Repeat the records below exactly from the line containing "漩涡的频率(f)与流体的流速" to the line containing "job Mia, now", taking in both of those lines. Drop the pictures.

Available records ::
* * *
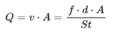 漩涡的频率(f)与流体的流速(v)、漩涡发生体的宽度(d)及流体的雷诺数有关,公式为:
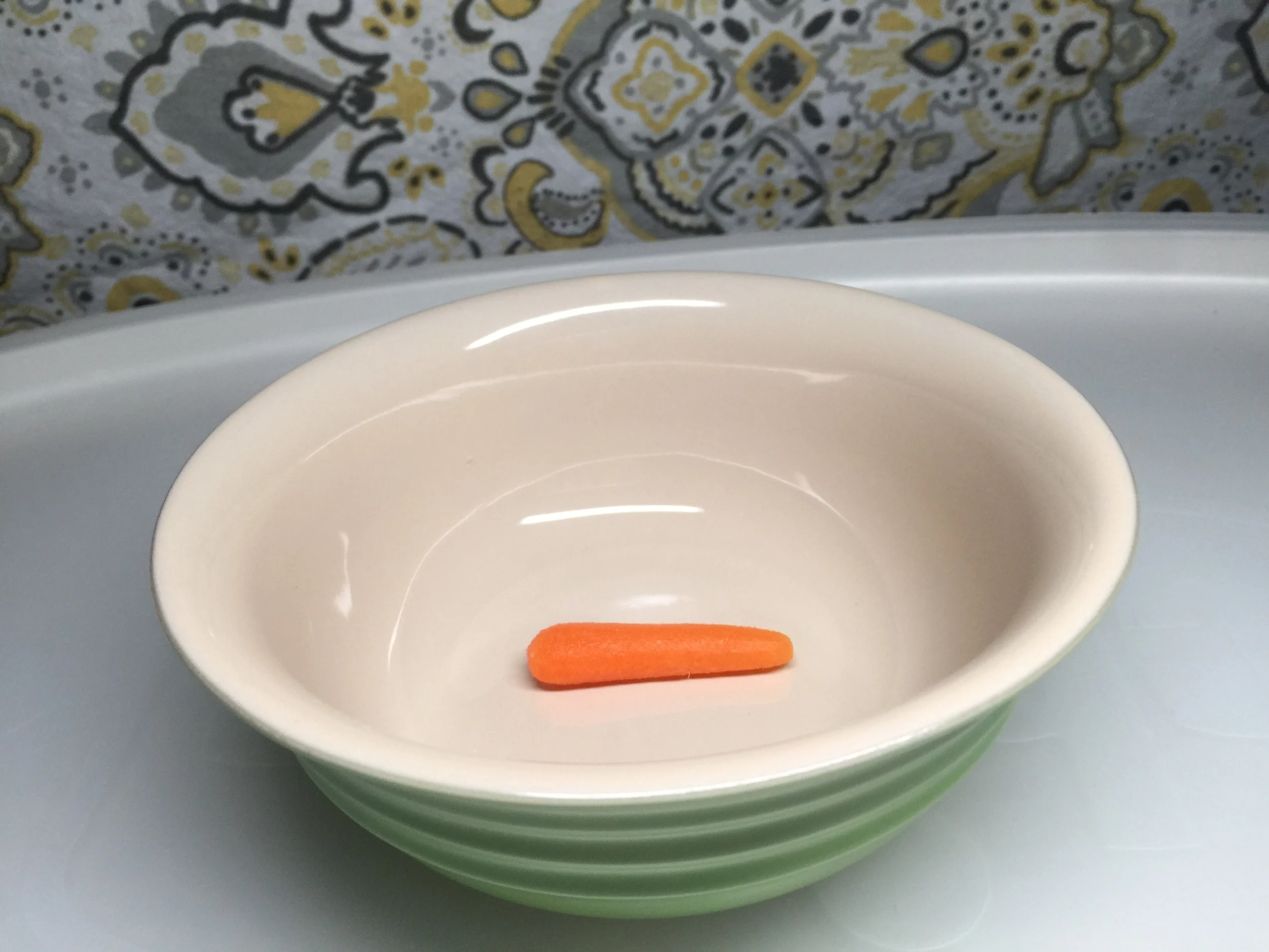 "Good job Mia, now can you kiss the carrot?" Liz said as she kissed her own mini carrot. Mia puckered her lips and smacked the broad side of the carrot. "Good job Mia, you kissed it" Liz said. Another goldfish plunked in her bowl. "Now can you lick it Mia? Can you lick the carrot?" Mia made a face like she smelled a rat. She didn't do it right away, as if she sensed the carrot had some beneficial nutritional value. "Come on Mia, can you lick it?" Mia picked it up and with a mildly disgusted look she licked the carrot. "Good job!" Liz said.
* * *
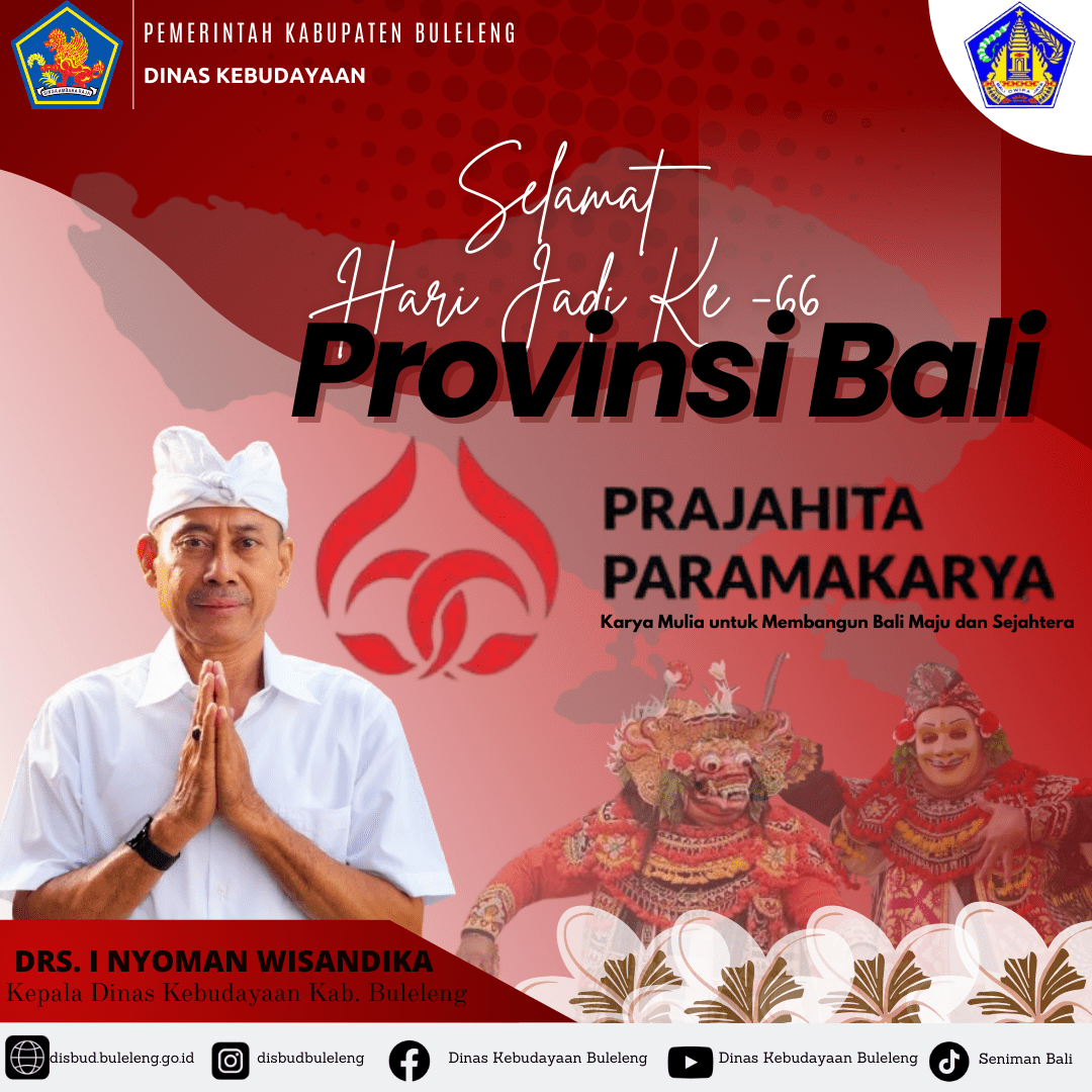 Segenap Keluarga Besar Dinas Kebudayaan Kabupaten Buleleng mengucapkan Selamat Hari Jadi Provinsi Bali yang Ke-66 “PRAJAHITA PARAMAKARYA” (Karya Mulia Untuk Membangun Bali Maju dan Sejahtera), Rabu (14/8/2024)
* * *
Response box ::
 漩涡的频率(f)与流体的流速(v)、漩涡发生体的宽度(d)及流体的雷诺数有关,公式为:
 "Good job Mia, now can you kiss the carrot?" Liz said as she kissed her own mini carrot. Mia puckered her lips and smacked the broad side of the carrot. "Good job Mia, you kissed it" Liz said. Another goldfish plunked in her bowl. "Now can you lick it Mia? Can you lick the carrot?" Mia made a face like she smelled a rat. She didn't do it right away, as if she sensed the carrot had some beneficial nutritional value. "Come on Mia, can you lick it?" Mia picked it up and with a mildly disgusted look she licked the carrot. "Good job!" Liz said.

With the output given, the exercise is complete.